IPython's Data Publication API

IPython has an API that allows IPython Engines to publish data back to the Client. This Notebook shows how this API works.

Setup

We begin by enabling matplotlib plotting and creating a Client object to work with an IPython cluster.


In [1]:
%matplotlib inline

In [2]:
from IPython.parallel import Client

In [3]:
c = Client()
dv = c[:]
dv.block = False
dv


Out[3]:
<DirectView [0, 1, 2, 3,...]>

Simple publication

Here is a simple Python function we are going to run on the Engines. This function uses publish_data to publish a simple Python dictionary when it is run.


In [4]:
def publish_it():
    from IPython.kernel.zmq.datapub import publish_data
    publish_data(dict(a='hi'))

We run the function on the Engines using apply_async and save the returned AsyncResult object:


In [5]:
ar = dv.apply_async(publish_it)

The published data from each engine is then available under the .data attribute of the AsyncResult object.


In [6]:
ar.data


Out[6]:
[{'a': 'hi'},
 {'a': 'hi'},
 {'a': 'hi'},
 {'a': 'hi'},
 {'a': 'hi'},
 {'a': 'hi'},
 {'a': 'hi'},
 {'a': 'hi'}]

Each time publish_data is called, the .data attribute is updated with the most recently published data.

Simulation loop

In many cases, the Engines will be running a simulation loop and we will want to publish data at each time step of the simulation. To show how this works, we create a mock simulation function that iterates over a loop and publishes a NumPy array and loop variable at each time step. By inserting a call to time.sleep(1), we ensure that new data will be published every second.


In [7]:
def simulation_loop():
    from IPython.kernel.zmq.datapub import publish_data
    import time
    import numpy as np
    for i in range(10):
        publish_data(dict(a=np.random.rand(20), i=i))
        time.sleep(1)

Again, we run the simulation_loop function in parallel using apply_async and save the returned AsyncResult object.


In [8]:
ar = dv.apply_async(simulation_loop)

New data will be published by the Engines every second.
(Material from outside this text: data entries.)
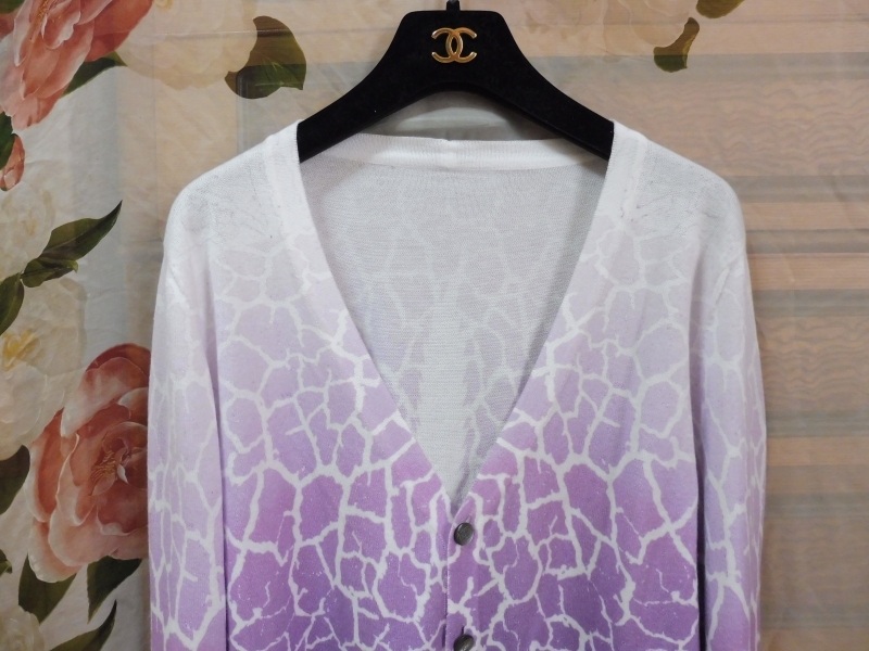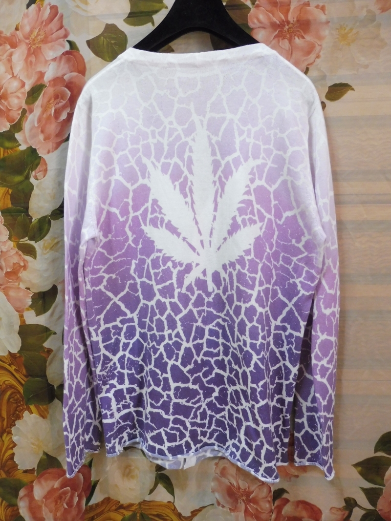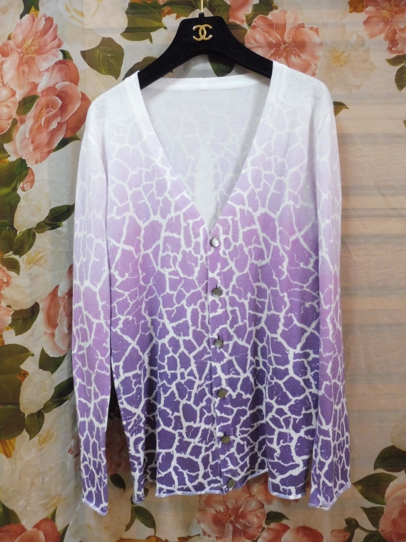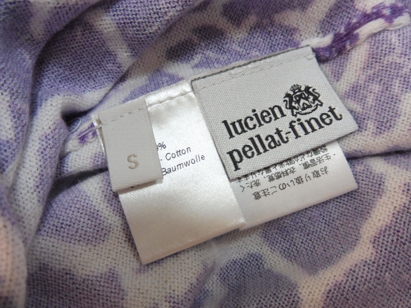 ルシアンペラフィネのカーディガンです。素材表記コットン100%。サイズ表記S。平置き採寸は肩幅39㌢、腕下身幅48㌢、着丈64㌢、袖丈59㌢。男性用での購入ですがサイズ的に小さく、レディースとして出品。白地にパープルカラーのグラデーションのマーブル柄で背に大きなヘンプの染め抜き。前は定番のマザーオブパールのスカル刻みシェルボタンが6個。超高級コットン素材。イタリア製、国内正規品。参考価格22万円超? 使用感ほとんどなしの新同レベルを非常識激安です。
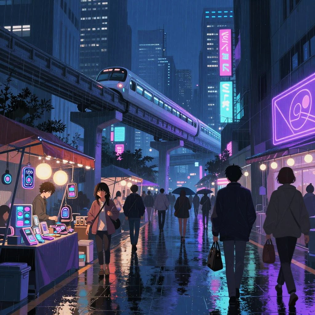 Anime city art depicting a rainy cityscape with intense neon colors reflecting off wet streets, crowded markets with vendors selling futuristic gadgets, high-speed monorails overhead, characters in stylish urban fashion, moody atmosphere with deep blues and purples.
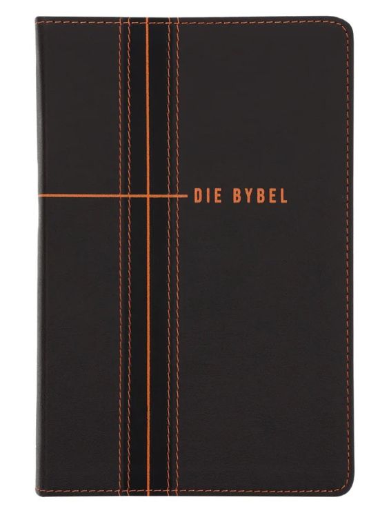NLV Donkerbruin en Oranje Kunsleer Standaard Bybel Met Duimgrepe
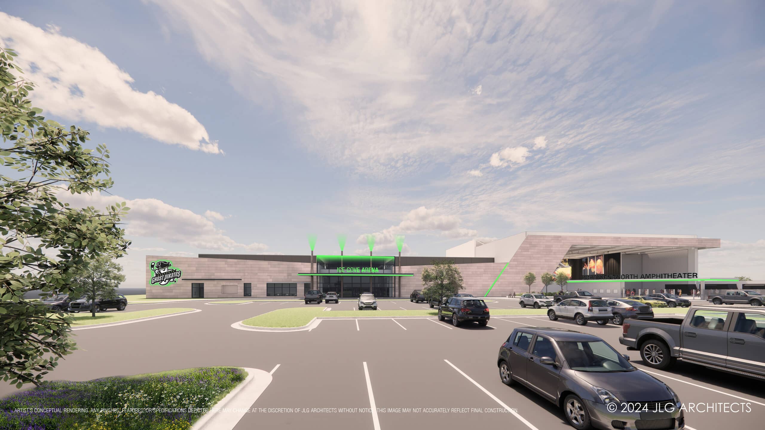 As the “Gateway to Georgia History,” Port Wentworth boasts a rich past, now skating into a vibrant future as the home to the Savannah Ghost Pirates, a professional minor league ice hockey team in the ECHL. Zawyer Sports, a private entity and owner of the Ghost Pirates, needed a practice facility and venue that would build excitement for the sport throughout the region. As the project progressed, a partnership was formed to combine two developing facilities, Zawyer’s hockey venue and the City of Port Wentworth’s new amphitheater. Here, JLG’s design team worked with the private venture and City staff through programming and pre-design to determine the final program and concept. In collaboration with the City, Zawyer Sports has since broken ground on a 90,000 SF training facility, with a two-sheet ice rink on a 150-acre multi-use park. Combined programming contributes a restaurant, along with a 5,000-seat amphitheater and unique club-level seating and suites, collectively providing 145,800 SF of brand-new performance and sporting venue space. These facilities will be located in Port Wentworth’s new Anchor Park, which will incorporate a variety of multi-use fields and courts, including space for pickleball, softball, baseball, and soccer. The new Ghost Pirates Ice Cove and City of Port Wentworth’s Amphitheater are set to open in the fall of 2026, elevating the athlete, fan, and community experience.
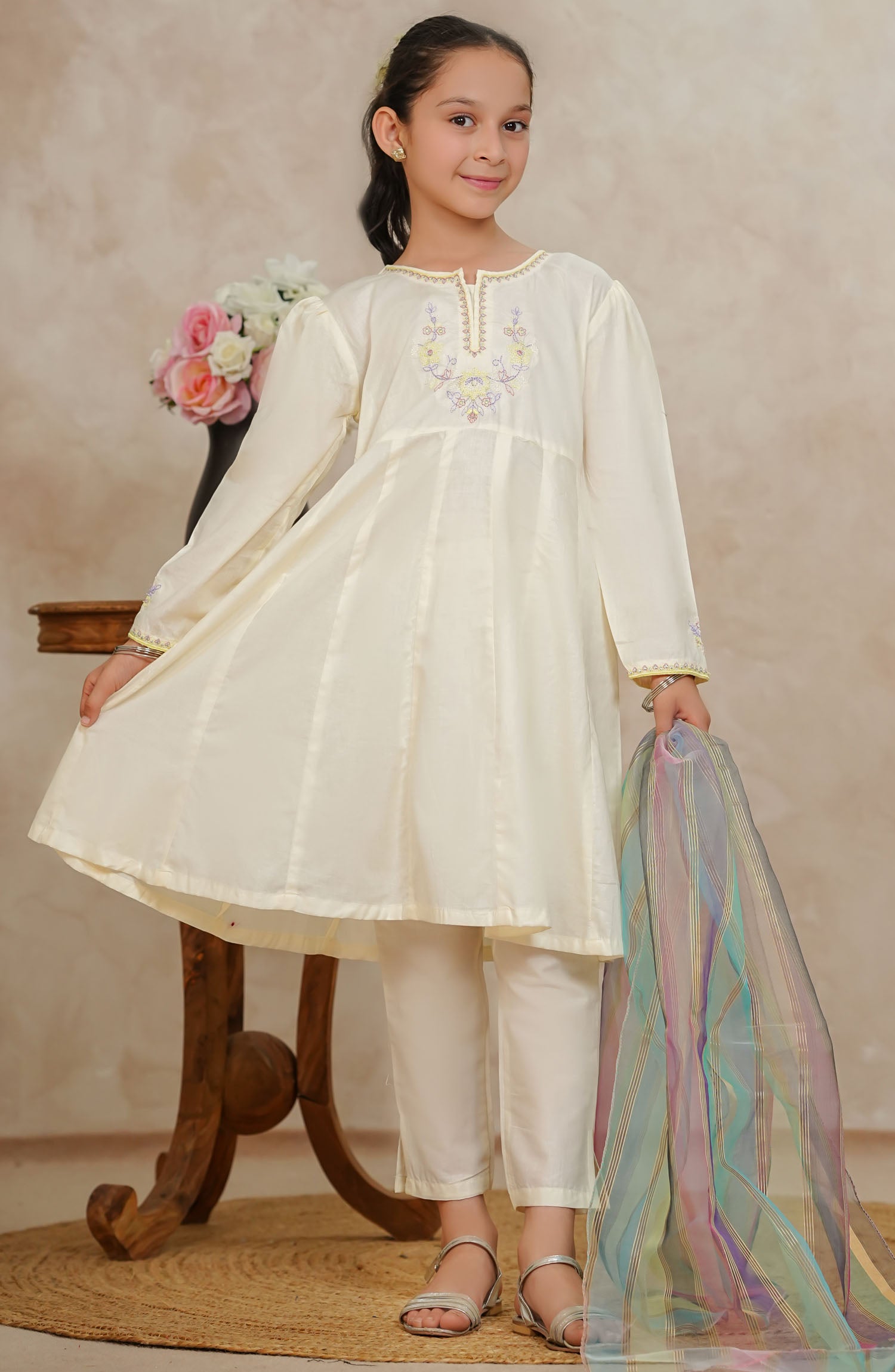 Home Tiny Tales by Amna Khadija Chikankari Lawn Stitched 3 Piece Suit - TTKP-01 - AM25TTKP - Off White - Girls Collection
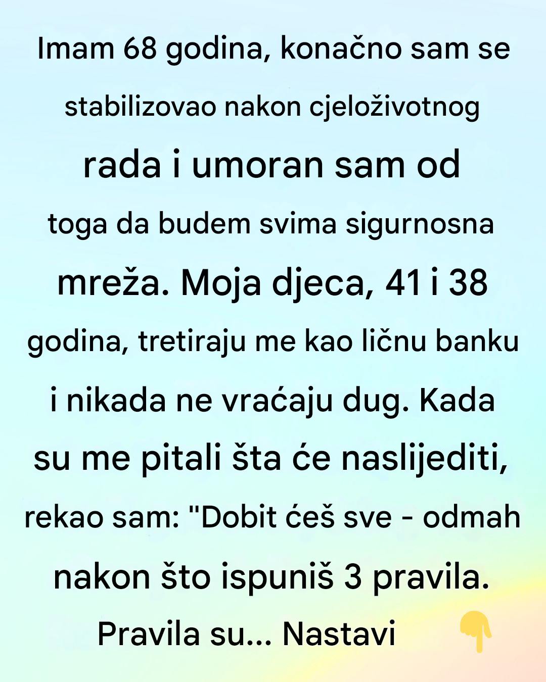 - Jednog dana, odlučila sam da postavim jasna pravila u vezi sa nasledstvom. Nakon što su se smirili i sedili za stolom, objasnila sam im ozbiljno: „Oboje ćete dobiti nasledstvo, ali samo ako ispunite tri jednostavna pravila.” Isprva su se smeštali, verujući da se šalim, ali kad su videli moj ozbiljan izraz lica, shvatili su da neću popustiti.
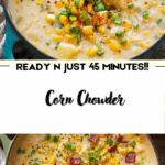 This creamy corn chowder is a hearty and comforting soup made with sweet corn, tender potatoes, crispy bacon, and a rich, flavorful broth. It’s perfect for a cozy meal and easy to make with simple ingredients.
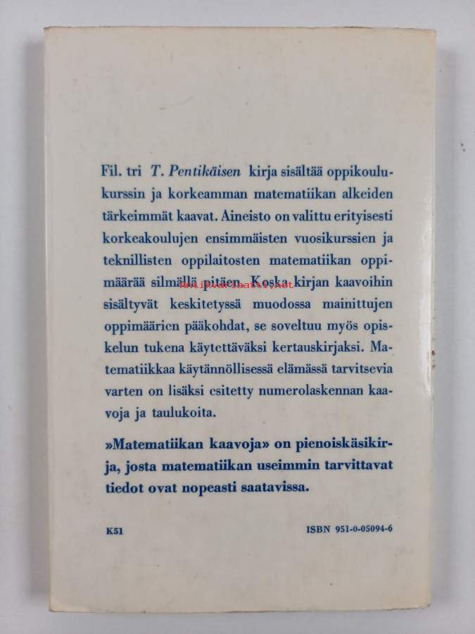Koko nimi: Matematiikan kaavoja : algebra, geometria, trigonometria, analyyttinen geometria, differentiaali- ja integraalilaskenta, vektori- ja matriisilaskenta, todennäköisyyslaskentaMerkinnät: omistajamerkintä
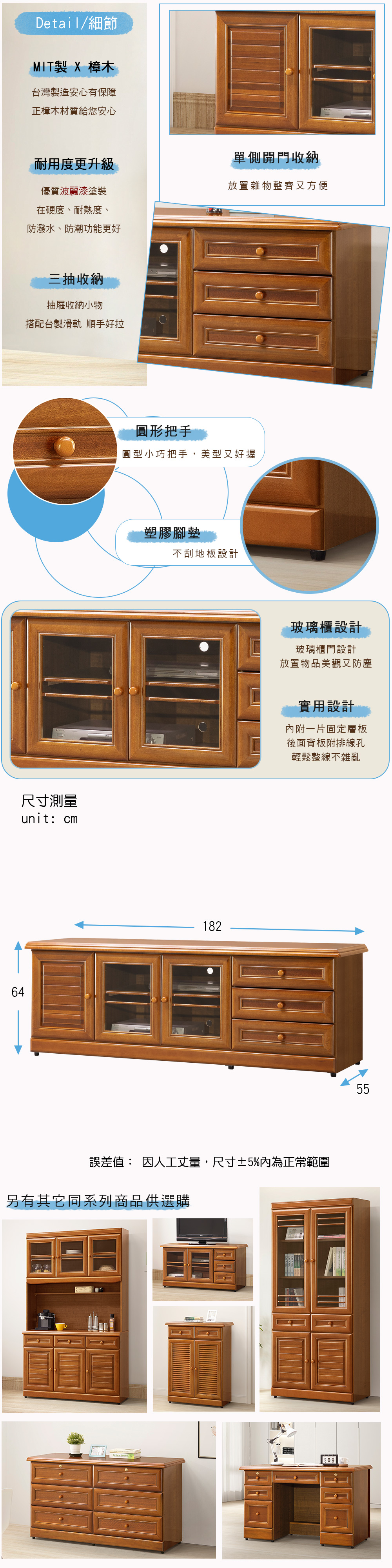◆MIT金屬滑軌,開闔不費力◆附排線孔,輕鬆整線不雜亂◆三抽設計,收納小物更便利◆免自行組裝,專人配送到府◆自然、簡約、傳統、田園風格◆客廳就是要買電視櫃◆實木門片享受木頭的溫馨感受◆三抽屜+玻璃門片設計尺寸:寬 182 x 深 55 x 高 64 cm材質:樟木實木面板+高級木心板顏色:樟木色產地:台灣誤差值: 因人工丈量,尺寸±5%內為正常範圍

Anytime we access ar.data, we will get the most recently published data.


In [9]:
import matplotlib.pyplot as plt

In [10]:
data = ar.data
for i, d in enumerate(data):
    plt.plot(d['a'], label='engine: '+str(i))
plt.title('Data published at time step: ' + str(data[0]['i']))
plt.legend()


Out[10]:
<matplotlib.legend.Legend at 0x10c41e910>